Storytellers who want to tell stories from other cultures need to be sensitive to this issue, in terms of both choice of story and where and when the story is told. It seems any story in print is fair game and therefore tellable. But first you have to find a story you like. A storyteller may read dozens of stories before finding one he or she wants to tell. And then it’s not just a matter of liking it. You’ve got to develop a relationship with it. Learning it for telling requires effort. In time you must grow to love your story. If you don’t it won’t survive in your repertoire. The more you love and relate to a story the more meaningful it becomes. It helps if you care about its culture of origin. You have to make the story your own, but in the telling you have to show an appreciation of its source. As you get inside the story so, to a degree, do you get inside the culture itself. The story should help you cultivate an empathy for the culture that you will convey in the telling.
It makes sense to look, initially, for stories from cultures you already have some relationship with, whether it be ancestral, geographic or perhaps through travel. Knowing what is your ‘own culture’ is not always easy these days. The mixing of bloodlines, geographic mobility and increasing globalisation mean that roots and influences can be many and varied. I was born in Australia with Cornish and Scottish ancestry, spent my teenage years in England, travelled for ten years around the world through the Americas, the Pacific and Australasia, and now live in Wales. That’s quite a mix but at least it gives me scope to choose stories from cultures with which I have associations.
One of the biggest influences on me was the work I did in the Aboriginal communities of Central Australia. This led me to feeling great sympathy for the people. Not surprisingly the first story I ever told was an Aboriginal story. I wanted a tale that would convey the power and beauty of the culture. The story I chose came from ‘Australian Dreaming’, a beautiful coffee table book edited by Jennifer Isaacs. It was from the Dalabon people in northern Australia about how the rainbow bird stole fire from the crocodile.
The story was only a paragraph in length so I was soon embellishing it in the telling. I’d throw myself on the ground to become the crocodile, stand on one leg with outstretched arms to be the bird. After telling this story for years, my publisher – I was writing children’s picture books by then – asked for another story and I sent them ‘Rainbow Bird’. An artist was chosen and the book progressed to the point where ‘the galleys’ were done.

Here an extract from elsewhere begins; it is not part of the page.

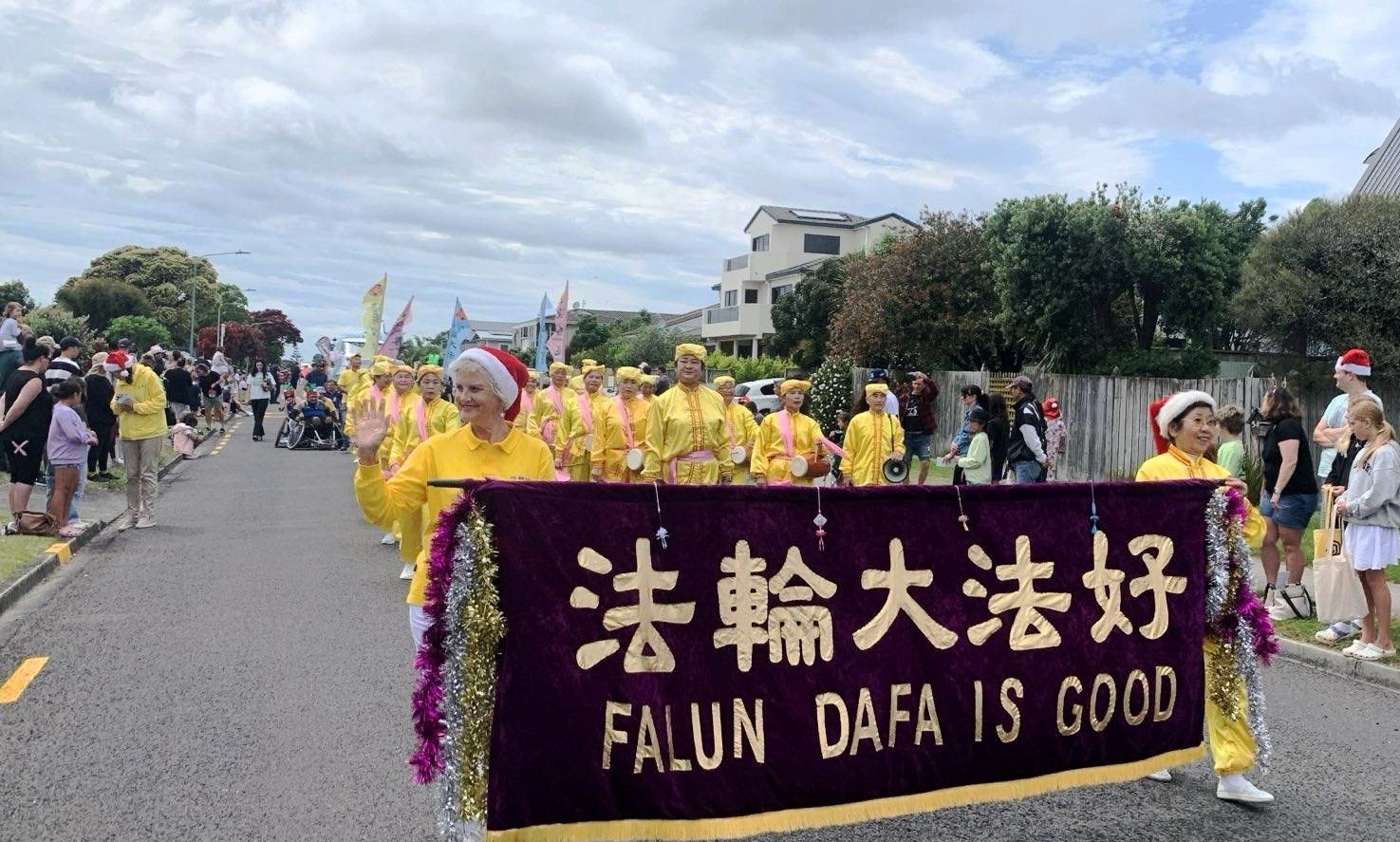 图7:十二月十日法轮功团体参加了帕帕莫阿(Papamoa)的圣诞游行。
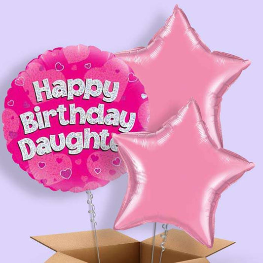 Happy Birthday Daughter Pink Hearts Balloon in a Box

The text and pictures were ready to be made into the book.
It was at this time that I went to Australia again, my first visit in ten years. Eventually I made my way to Katherine in the Northern Territory to visit a cousin who worked in Aboriginal communities. He took me to Manyallaluk where, it turned out, they knew ‘Rainbow Bird’ story. I had the galleys with me and so showed them to a young man who carefully read the entire text then said: ‘Come to me tomorrow and I’ll tell you the story.’
The next morning he dictated the story and made me write it down. He wanted to be sure I got it right. This meant I could ask questions for clarification. I wanted to know, for example, whether at the beginning the main character was a man or a crocodile. He was a man. The young man and his friend demonstrated the fire making referred to in the story. And I learned about the nits! It was a much fuller and more satisfying version of the story than my original.
But back in Britain my publishers couldn’t change the galleys as it meant redoing the whole book. So the picture book remained based on the Dalabon version from ‘Australian Dreaming’, not the more nitty gritty, personal version I’d been given at Manyallaluk. Paradoxically, though it is the picture book I’m least satisfied with, it sells more than any other book I’ve done. Perhaps the title ‘Rainbow Bird’ has the appeal. Would it have sold so well if it had nits in it? Who knows? Fortunately I was later able to get the fuller version published in the ‘Young Oxford Book of World Folktales’ edited by Kevin Crossley Holland.
I was lucky to track down my first story to its source and to be given both a fuller version and, it seemed, permission to tell it. Very rarely will storytellers be able to do such a thing. Even though I feel I have permission to tell the story I’m still careful about where I do. I feel OK telling Aboriginal stories in Britain where there are very few Aboriginal people to speak for themselves. But in Australia I’d be more cautious. If I was trying to get white Australians to appreciate Aboriginal culture it might be fine. But if there were Aboriginal people present I probably wouldn’t, or at least I’d ask them if it was OK first.
Paradoxically I now live in Wales and am often called upon to tell traditional Welsh legends and folktales to Welsh kids and sometimes adults. Perhaps here the difference is that very few Welsh adults can tell the traditional tales and they enjoy hearing them told well. Also, the time when those stories were a really live part of the culture is, for most people, long ago, so there’s not so much of an issue about ownership and rights any more.
But in other cultures – the Native American for example – the stories are still very much a live part of their culture. Although plenty of their stories are in print and therefore available for retelling (always bearing in mind the context), if you hear a Native American storyteller tell a story which you’d love to tell, you must ask for permission first. And don’t expect it to be granted. Or if it is it may come with a condition. For example I once asked a Lebanese storyteller if I could tell a story she’d told which had been written by a Palestinian man for his daughter. ‘You can tell it,’ she said, ‘As long as you tell it better than I do!’
So we have to be sensitive in choosing the stories we tell. Those in the public domain are, by and large, available to tell but, as always, need to be appropriate to your audience. Preferably choose stories where you have some personal connection to the culture of origin. Develop a relationship with the story. Get inside the story and let the story get inside you. Be cautious about telling someone else’s story where it’s clear they’ve done a lot of work on it. You must do your own work to make it yours. And where the story is particularly personal – either culturally or autobiographically – leave well alone. There are plenty of stories to choose from. Find ones you love and love them into life.
Find out more about Eric Maddern’s work at www.ericmaddern.co.uk/

>Rimaykullayki!

>Rimaykullayki…or, ”hello’” in Quechua!


After my three month project with Behind the Book in New York, I’m now in Ayacucho, Peru, delivering professional development and curriculum advice for staff at San Domingo Savio School.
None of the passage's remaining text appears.